(WHAT THE TASK REQUIRES) Copy the lines from the start of the records below through the line containing "Crafter UC-27 è", both included, and leave out the pictures.

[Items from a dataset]
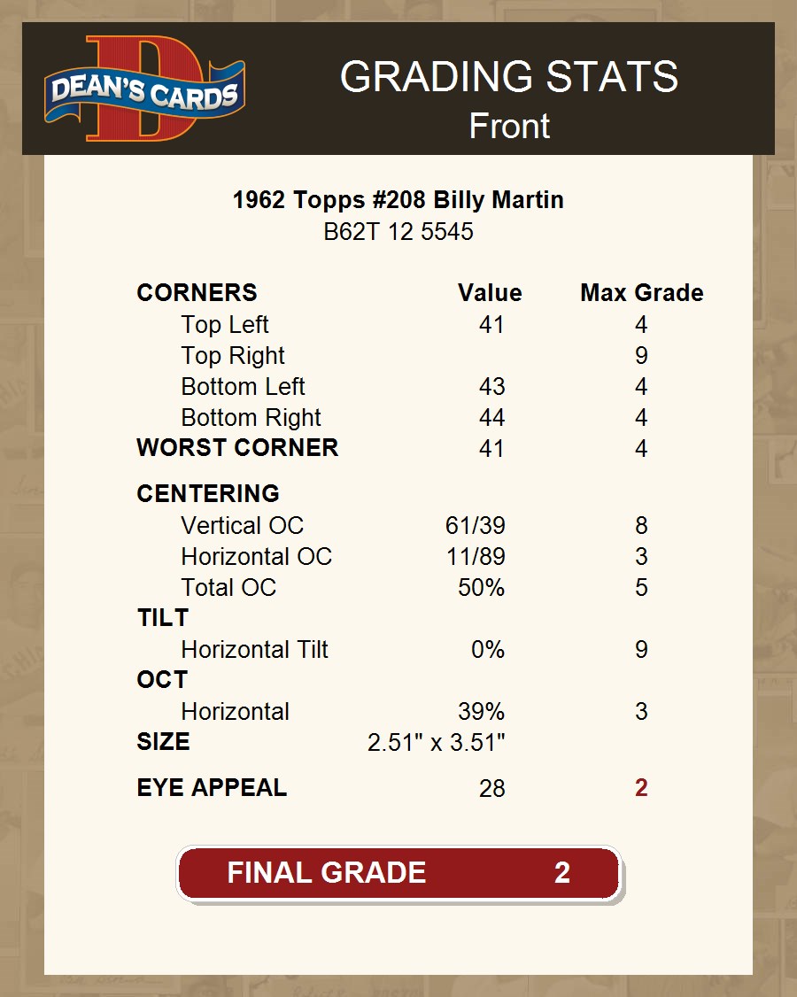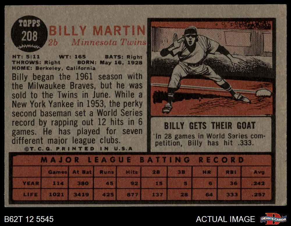1962 Topps #208 Billy Martin 2 - GOOD
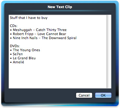 You can quickly create a new text clipping by clicking an empty bin. Doing so opens a dialog that enables you to type the text of the clipping.
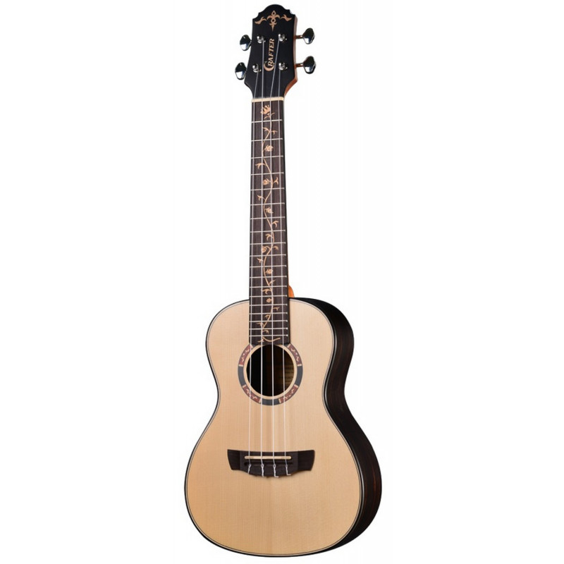 Crafter UC-27 è un ukulele concerto della serie Prestige dotato di tavola armonica in Abete solido, fasce e fondo in Ebano Macassar, meccaniche cromate e finitura naturale satinata, corredato di custodia imbottita.
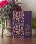 The I Know the Plans Purple Floral Faux Leather Fashion Bible Cover conveys the hopeful message that our well-being is ultimately in the hands of our Creator while also providing stylish protection for your Bible. Colorful stylized flowers blanket the back, spine, and just over half of the front panel of this deep purple faux leather Bible cover. A smooth purple panel meets the fun floral design on the right edge of the front cover. On this soft panel, the sentiment is gold foiled in an artistic topographical arrangement.
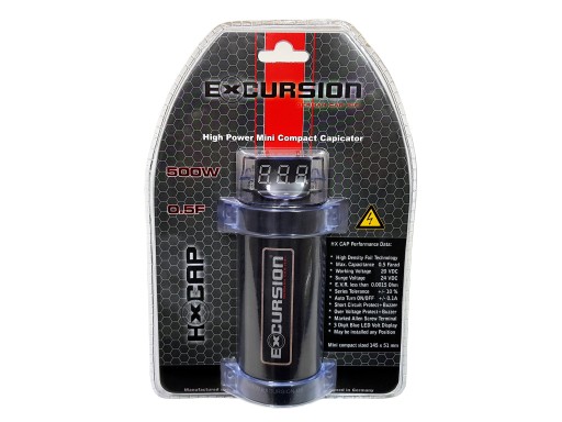 Excursion HX CAP Bardzo wydajny mini kondensator o pojemności 0,5 Farada z woltomierzem niemieckiej marki Excursion do poprawy stabilności i efektywności instalacji zasilającej system car audio. Dzięki zastosowaniu najnowszej technologii HDFT (High Density Foil Technology) ze zwiększoną gęstością wewnętrznych folii elektrodowych możliwe było uzyskanie wysokiej wydajności przy zachowaniu bardzo małych wymiarów obudowy. Kondensator Excursion HX CAP jest w stanie pełnić funkcję efektywnego banku energii stabilizującego impulsowe spadki i wahania napięcia w instalacjach zasilających systemy car audio o mocy do 500 W. Wysoka wydajność i niewielkie wymiary kondensatora to jedne z ważniejszych parametrów w dobie coraz mniejszych i mocniejszych wzmacniaczy cyfrowych powszechnie stosowanych w instalacjach car audio. Dzięki temu miniaturowy Excursion HX CAP stwarza większe możliwości montażu w trudniej dostępnych miejscach samochodu. Likwiduje też wiele ograniczeń przeszkadzających dotychczas w tym, aby taki dodatkowy bank energii dla wzmacniacza mocy zawsze był zainstalowany możliwie jak najbliżej niego. Głównym zastosowaniem kondensatora Excursion HX CAP jest jego montaż bezpośrednio przy wzmacniaczu mocy lub wzmacniaczu z procesorem DSP zasilanym wiązką typu ISO Plug&Play z przewodami o niezbyt dużym przekroju. Niewielka średnica (51 mm) sprawia, że kondensator ten również bardzo dobrze wizualnie pasuje do montażu obok wzmacniaczy Excursion z serii HXA o podobnej wysokości.
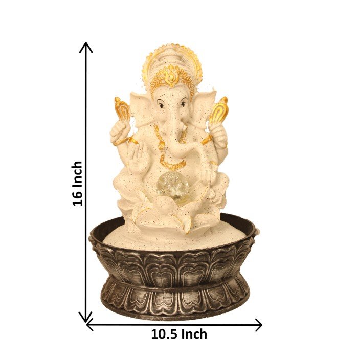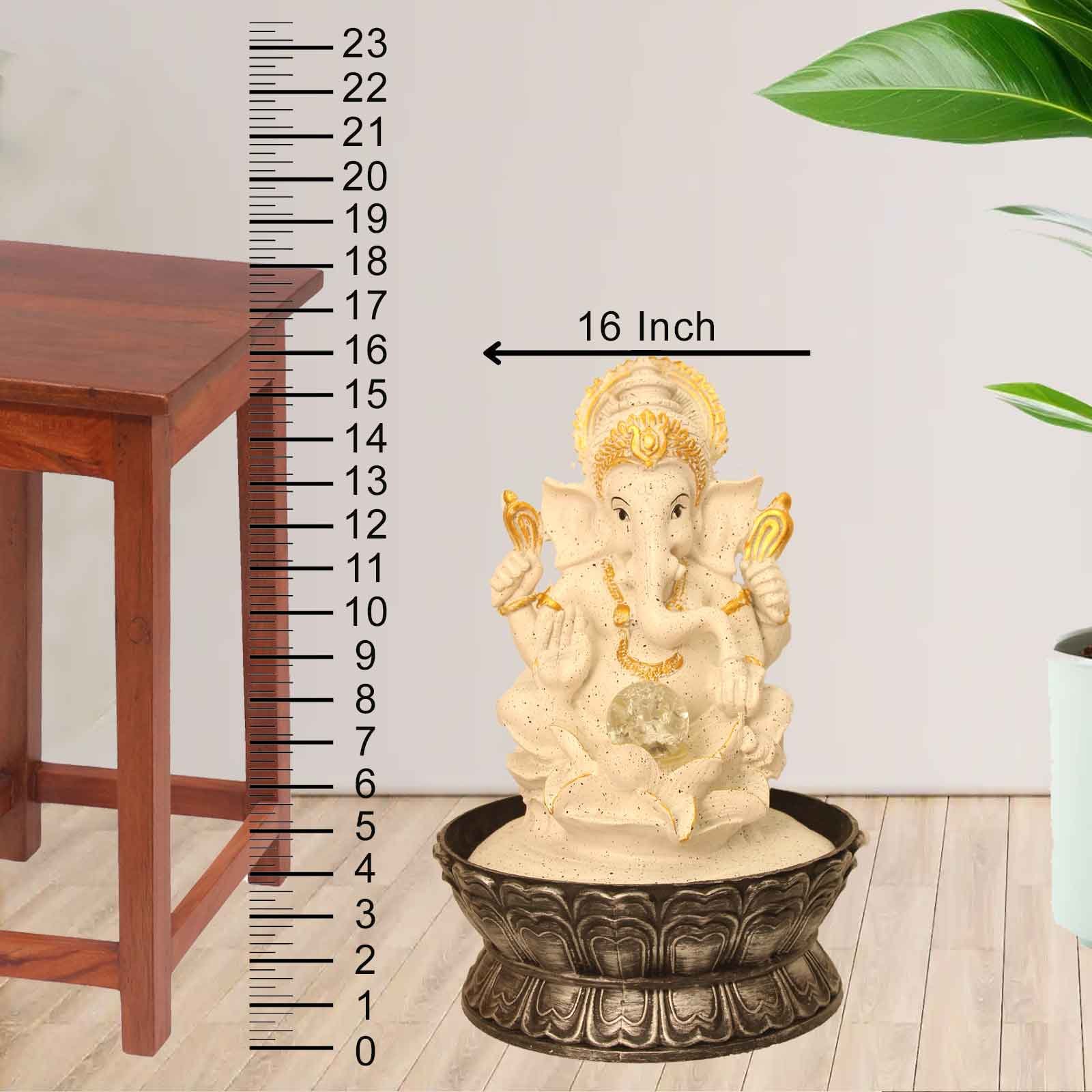 Blessing Ganesha on Lotus Water Fountain for home indoor With Led Light & Crystal Ball - sandstone Finish 41 cm G57GX0053WGDMX

(EXERCISE OUTPUT)
1962 Topps #208 Billy Martin 2 - GOOD
 You can quickly create a new text clipping by clicking an empty bin. Doing so opens a dialog that enables you to type the text of the clipping.
 Crafter UC-27 è un ukulele concerto della serie Prestige dotato di tavola armonica in Abete solido, fasce e fondo in Ebano Macassar, meccaniche cromate e finitura naturale satinata, corredato di custodia imbottita.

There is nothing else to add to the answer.